I understand the cost of moving plus deposits and breaking the lease. A nightmare. Definitely. But still safer if you go and he doesn’t know where you live.

How much time is left on the lease? I wonder if there is a way to contact the landlord and ask what the penalty is for leaving early. Sometimes they can be lenient – it might be 2 months rent because of the situation. My sister and her husband rented a place years ago then broke up badly before moving in. The landlord kept their deposit and wanted 2 months rent to let them break the lease but better than paying the full lease term. Maybe your landlord might have a wait list of possible tenants and be able to fill the space soon. Then again, maybe best not to ask the landlord yet for fear that they might tip your ex off, but at the same time they might be helpful in this. Depends on your assessment of the landlord and if she/he can keep quiet. 

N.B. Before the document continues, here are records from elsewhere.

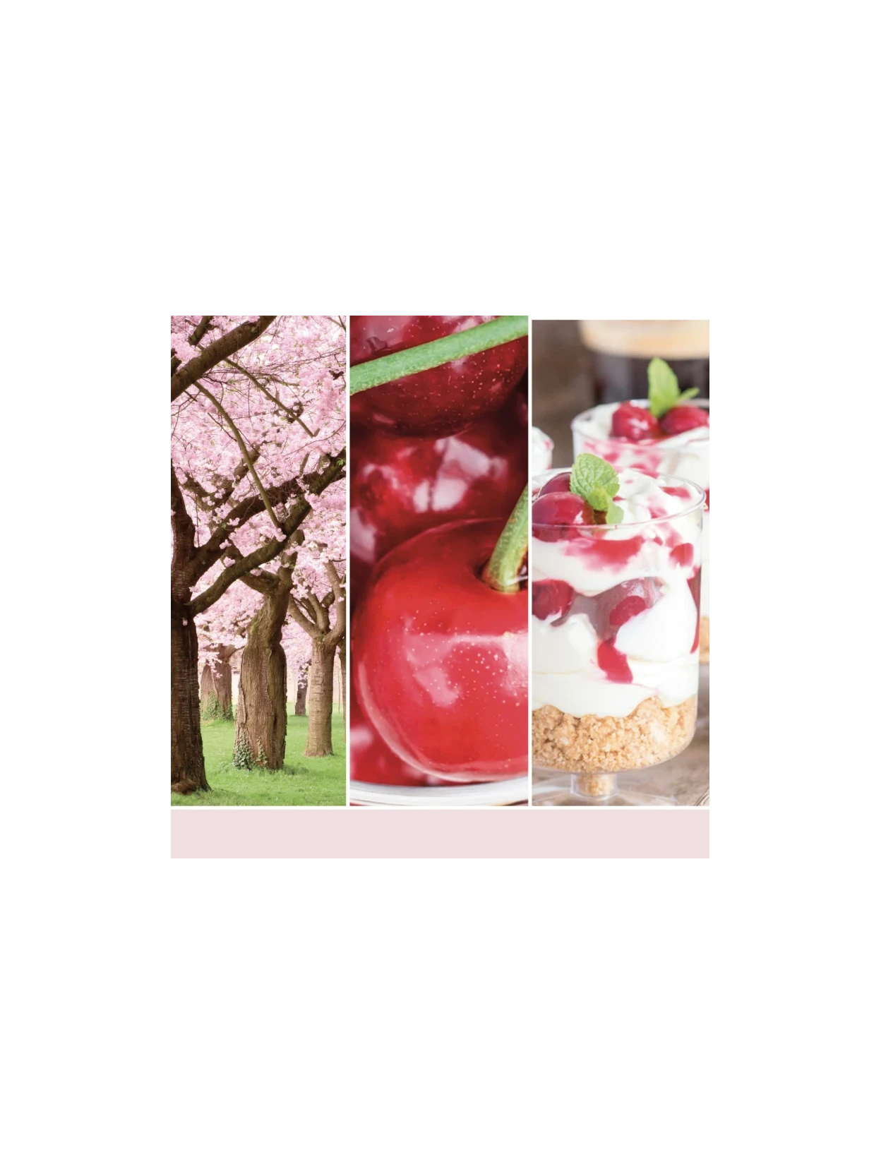 Cera da fondere dalla fragranza che rievoca una dolce esplosione fruttata: ciliegie succose, lamponi e mandorle si fondono con morbide note di panna alla vaniglia e soffici nuvole rosa pastello.
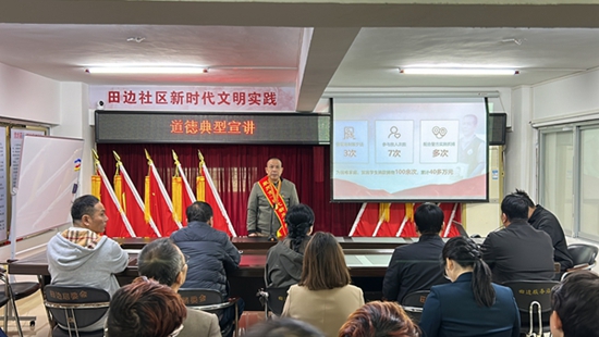 當(dāng)天,一場“凝聚榜樣力量 踐行核心主義價值觀”主題宣講在田邊社區(qū)新時代文明實踐站舉行。這是泉州市委文明辦黨員干部踐行“我在文明實踐中心(所、站)做宣講”的具體行動。福建省道德模范、泉州市公務(wù)用車平臺駕駛員、“時代新風(fēng)傳播人”史玉陽作《勇者無畏、為善無悔》主題宣講,講述自己多年來擒拿小偷、勇斗歹徒及熱心公益的事跡;泉州市道德模范、豐澤區(qū)婦幼保健院院長、“時代新風(fēng)傳播人”阮伏龍則以《為“生命的搖籃”點一盞燈》為題,分享自己作為醫(yī)務(wù)人員在呵護(hù)母嬰健康方面所做的努力,以及關(guān)愛孤獨癥兒童,助力健全豐澤區(qū)孤獨癥兒童篩查干預(yù)工作體系的故事。道德模范們的深情講述感人至深,贏得觀眾陣陣掌聲,營造了社區(qū)崇德向善,見賢思齊的濃厚氛圍。
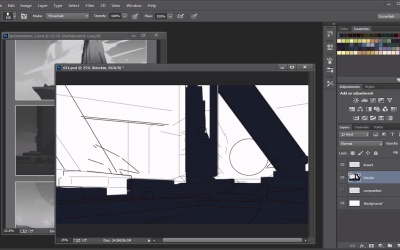 Okay, so we just kinda got the line art kind of in a good spot. We're gonna kinda refine it, but we'll probably do that as we kind of, you know, go with the color. So what I'm gonna do is I'm gonna merge all the stuff down. Real quickly so we have that, we'll flip it a little bit and we'll see if we need to kind of refine certain things so I'm kind of already looking at it we could probably refine this line so it goes a little bit more outward, otherwise it's gonna feel a little bit weird here. And we're just gonna keep, we're gonna keep going here. We're gonna keep kind of working our way through this and, and sometimes there isn't much of a explanation for this. It's more so kinda, kinda painting by feel which will kind of happen the more you do it. You kinda want to get that mileage in. But I think for now we're gonna leave this alone in terms of the composition. I think at this point, I think it's better off if If we just kinda start getting into some of the blocking and the values and the color, and start doing that, I think that will probably be a better situation for us. If we do that kind of stuff. So, as it comes through, you know, if I do make changes, in terms of the composition, I will definitely let you know. But I think for right now, I think we're pretty set on this guy in terms of what I'm seeing. So let's get right into it. In terms of color, what I do is I have swatches available and I save a bunch of swatches whenever I'm taking photos and stuff like that. So that way I don't have to worry, I don't really have to worry about picking colors because the colors are kind of already chosen for me. So before we begin let's actually set this out as composition. And let's just set this out as line art just have good housekeeping of course. So back to colors I kinda like to find photos that I like. So I usually like to take my own photography and then extract a color palette out of it. So I'm gonna show you how to do that just in case you guys do not know how to do that. So here's a photo of outside of my apartment, very very nice. Don't mind that it's actually Kevin, we're doing some oil paintings outside. It's a good way to practice color, if you are interested in color. Usually about once a week I go outside my apartment, or outside by the water and me and my friends, my colleagues, we'll do some oil painting and it helps you understand color a little better. Just because you have to mix in the colors all the time. And you don't really have, there isn't much leeway when it comes to making mistakes. So if I make mistakes with color, it'll be very, very apparent traditionally as opposed to digitally where you have unlimited color. So you have to learn how to mix the colors, you have to learn how to see things, and I think with traditional painting too, it helps you kind of breakdown complex things into simple shapes. And this is kind of where I'm getting this from a little bit is when I paint traditionally. When I look at stuff like this, I kinda draw them with a brush and it helps me kinda break down the values, and break down where the color is, and break down, you know, where the warm and cool tones are. So I'm just kinda letting you know, this is kind of where that is coming from. So, when I do this let's say you have a photo from your phone, from a painting, or something that you've seen that you like the colors. And you wanna kinda use it a little bit. What you can do is you can go to Image Mode and go to Color Table. So we'll click on that, and look at that, nothing happens, right? So that's kinda weird. Why can't I do that? Well, it's because you have to go to Index Color first, so just to kinda let you know, the end game is to get to this guy right here but we have to go to Index Color first to activate that. It's a very weird thing, I'm not sure why they do that, but just to let you know. So if you look at this let's put in here. What it's gonna do, by default, it's gonna say whatever number you put here, it's going to extract that many colors in order to make the painting. So, if I put five here, and I hit okay, what it's gonna say, it's gonna say okay, with five colors, we're gonna make this entire painting. So it kinda goes black and white. It's kinda looks a little bit weird. If I go up to 15 colors Right. You can see it's little bit more green but we're not getting any warm tones. If I have up to 20 colors you can see the warm tones are coming back and let's go to maybe 50 we're slowly kinda getting there, so the highest you can go is 256, actually. So when I actually hit OK, you're gonna notice that it becomes very, very pixelated. That's because there isn't much of a gradient anymore because it's literally saying With these 256 colors we're gonna make this photo right here which is awesome. So you can actually simplify paintings too by doing this as well. So you can see how grainy these colors get. But that's okay you want that. So what actually happens is when you go to it, now the Color Table is now there, right. And so we can click on that guy and look what happens. It actually takes all of those color palettes, it takes all the colors from that photo and it puts it in a nice palette for me. And from there, you can save it out. And so let's just save, real quickly. We'll save it right here, and we'll just call it test_color_pallette. Okay? I think I spelled that right, I think it's two l's and two t's, eh, I'll look it up later. We're here to draw, not spell, right? Okay, so hit OK. And so if I want to load that file up, I would wanna go here and I wanna say Replace swatches or load swatches. You can do replace, but we'll just load them up for the mean time. And what would happen is, you would go to that, to that part, wherever it is. So, I have to kind of go to that folder where I saved it. And if you look for it, it's not going to be there. The reason why is you have to turn it to an ACT file. So by default, I don't know why Photoshop does this It makes i

**Another weird thought (I used to be a realtor so this is where this is coming from) maybe your landlord manages more than one property and might have a vacancy in another one of their buildings that you could transfer your current lease term to. It’s a long shot – but – might be a good solution. Then you’d have a place to go, no worries about owing for the current place. And the landlord would still get the full amount owed just with a slight alteration to the address.

Post # 100
Member
1136 posts
Bumble bee

It’s all in how you spin it – if you ask the landlord first without revealing background info about your situation if they have other properties and if any are vacant. Then if so, proceed from there with asking about options and asking about breaking the lease, etc. 

Post # 101
Member
10 posts
Newbee
  • Wedding: September 2017

So sorry to hear all of this! If the expensive city happens to be Boston, feel free to PM me if you need anything.